*Your objective:* Using the records that follow, reproduce exactly the lines starting at the line containing "V-Strap Flatform Thong Sandals - white" and ending at the line containing "В середине тайма". Include both end lines and no pictures.

*Supplied material:*
------------------------------------------------------------------------

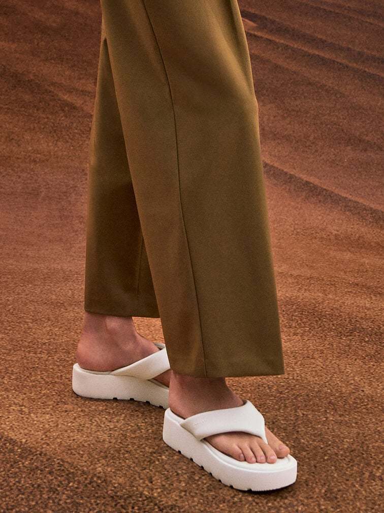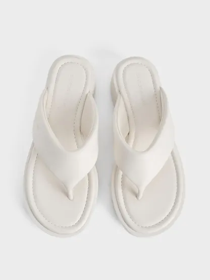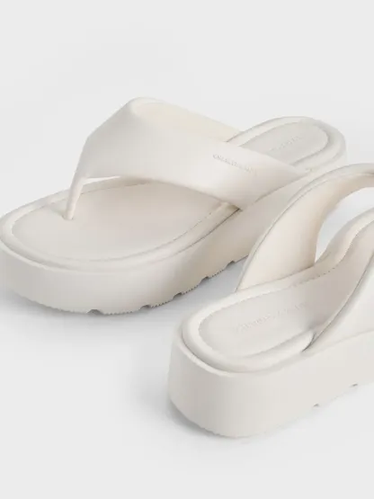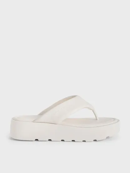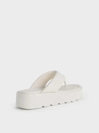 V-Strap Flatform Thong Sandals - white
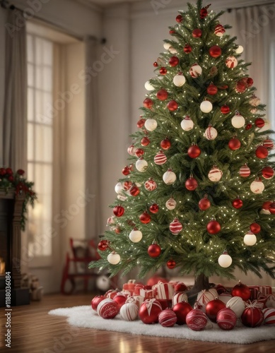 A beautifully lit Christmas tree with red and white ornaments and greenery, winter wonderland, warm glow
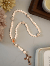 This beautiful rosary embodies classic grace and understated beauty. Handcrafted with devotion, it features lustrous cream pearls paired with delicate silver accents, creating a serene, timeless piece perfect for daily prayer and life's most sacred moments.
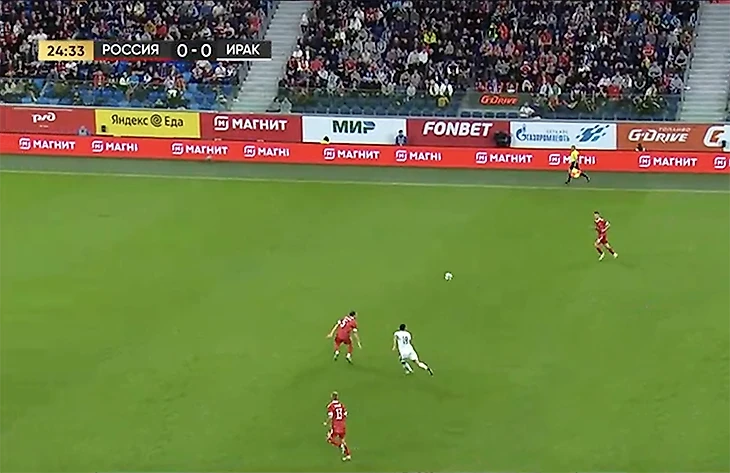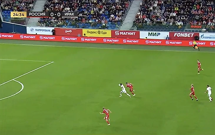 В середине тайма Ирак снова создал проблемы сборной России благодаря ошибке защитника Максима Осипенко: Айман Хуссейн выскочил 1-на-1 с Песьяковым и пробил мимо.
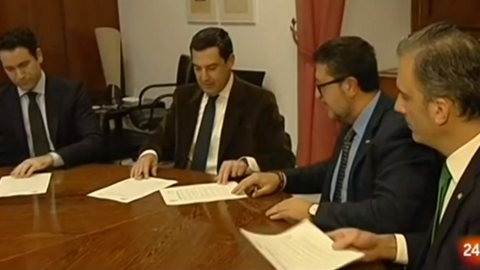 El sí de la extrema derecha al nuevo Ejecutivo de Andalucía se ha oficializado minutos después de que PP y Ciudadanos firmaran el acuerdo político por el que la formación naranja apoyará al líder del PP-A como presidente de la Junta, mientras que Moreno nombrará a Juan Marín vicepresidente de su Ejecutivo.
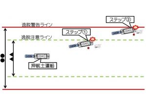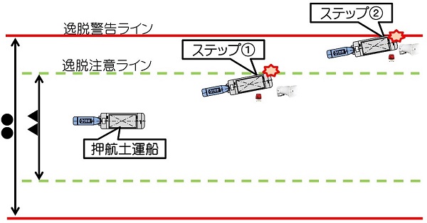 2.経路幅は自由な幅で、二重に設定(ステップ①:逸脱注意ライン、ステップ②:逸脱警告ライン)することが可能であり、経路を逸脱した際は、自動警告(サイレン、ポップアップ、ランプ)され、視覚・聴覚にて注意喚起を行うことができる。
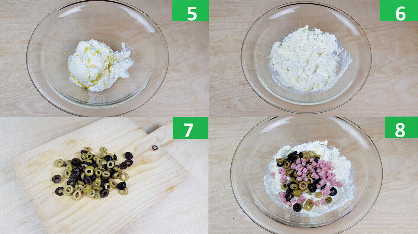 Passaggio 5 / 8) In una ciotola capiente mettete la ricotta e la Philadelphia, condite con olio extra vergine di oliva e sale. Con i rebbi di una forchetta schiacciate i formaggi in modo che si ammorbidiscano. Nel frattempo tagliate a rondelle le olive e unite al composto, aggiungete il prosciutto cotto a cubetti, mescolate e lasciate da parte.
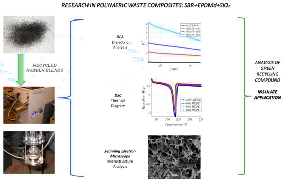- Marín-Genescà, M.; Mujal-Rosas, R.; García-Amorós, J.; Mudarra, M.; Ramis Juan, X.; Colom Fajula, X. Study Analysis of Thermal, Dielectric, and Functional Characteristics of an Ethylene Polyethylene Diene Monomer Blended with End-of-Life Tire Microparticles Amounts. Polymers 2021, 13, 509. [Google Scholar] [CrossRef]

------------------------------------------------------------------------

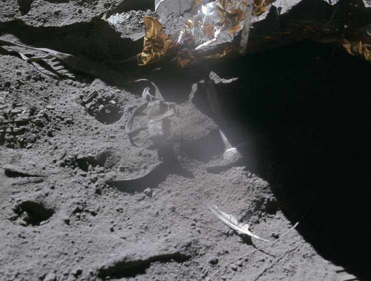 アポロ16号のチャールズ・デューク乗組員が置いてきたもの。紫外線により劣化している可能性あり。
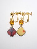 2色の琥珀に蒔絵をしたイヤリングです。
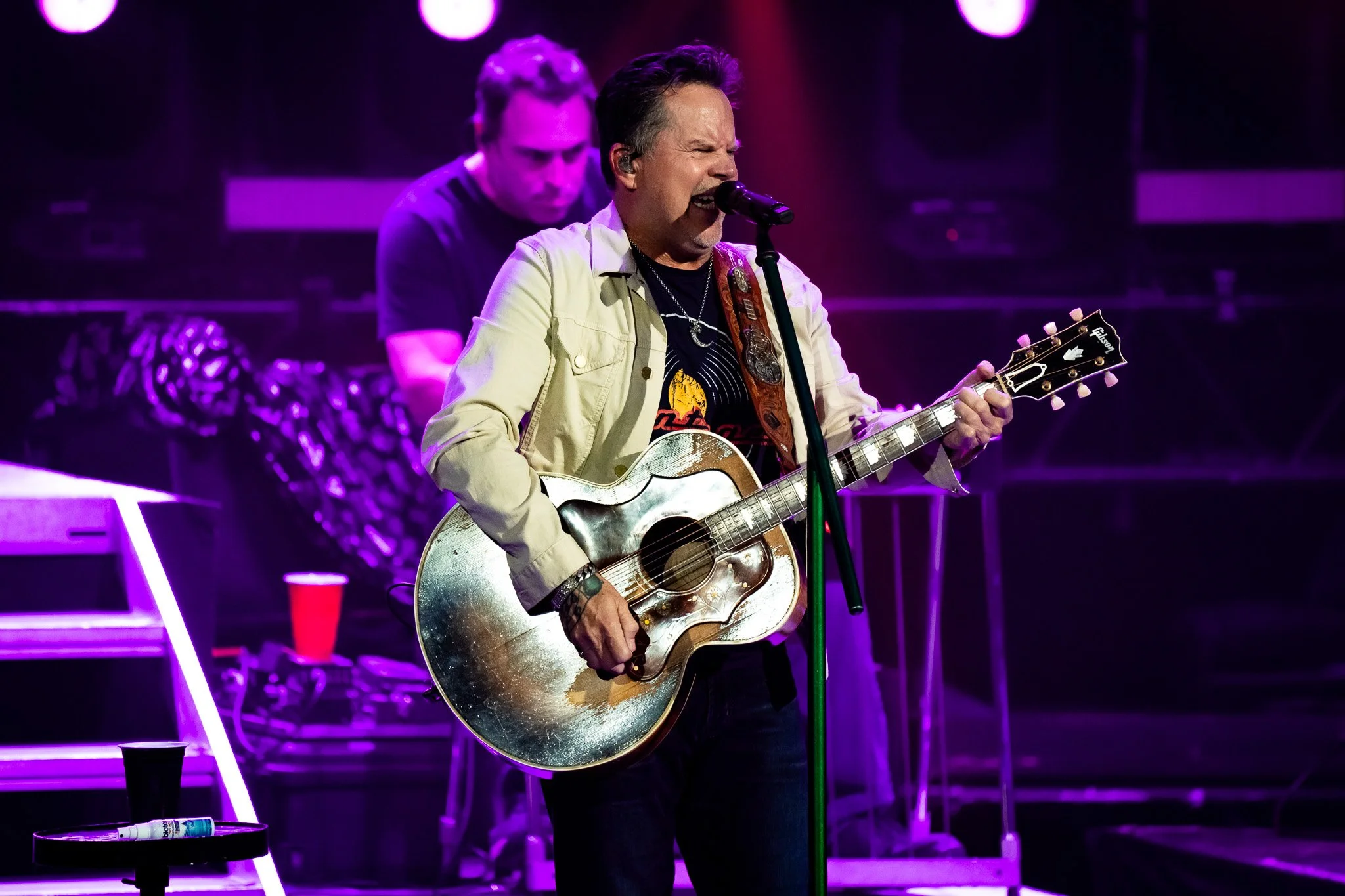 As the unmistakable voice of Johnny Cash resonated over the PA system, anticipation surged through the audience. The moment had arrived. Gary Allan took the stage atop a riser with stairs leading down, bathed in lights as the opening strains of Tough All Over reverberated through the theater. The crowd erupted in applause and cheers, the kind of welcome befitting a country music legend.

------------------------------------------------------------------------

*Exercise response:*
 V-Strap Flatform Thong Sandals - white
 A beautifully lit Christmas tree with red and white ornaments and greenery, winter wonderland, warm glow
 This beautiful rosary embodies classic grace and understated beauty. Handcrafted with devotion, it features lustrous cream pearls paired with delicate silver accents, creating a serene, timeless piece perfect for daily prayer and life's most sacred moments.
 В середине тайма Ирак снова создал проблемы сборной России благодаря ошибке защитника Максима Осипенко: Айман Хуссейн выскочил 1-на-1 с Песьяковым и пробил мимо.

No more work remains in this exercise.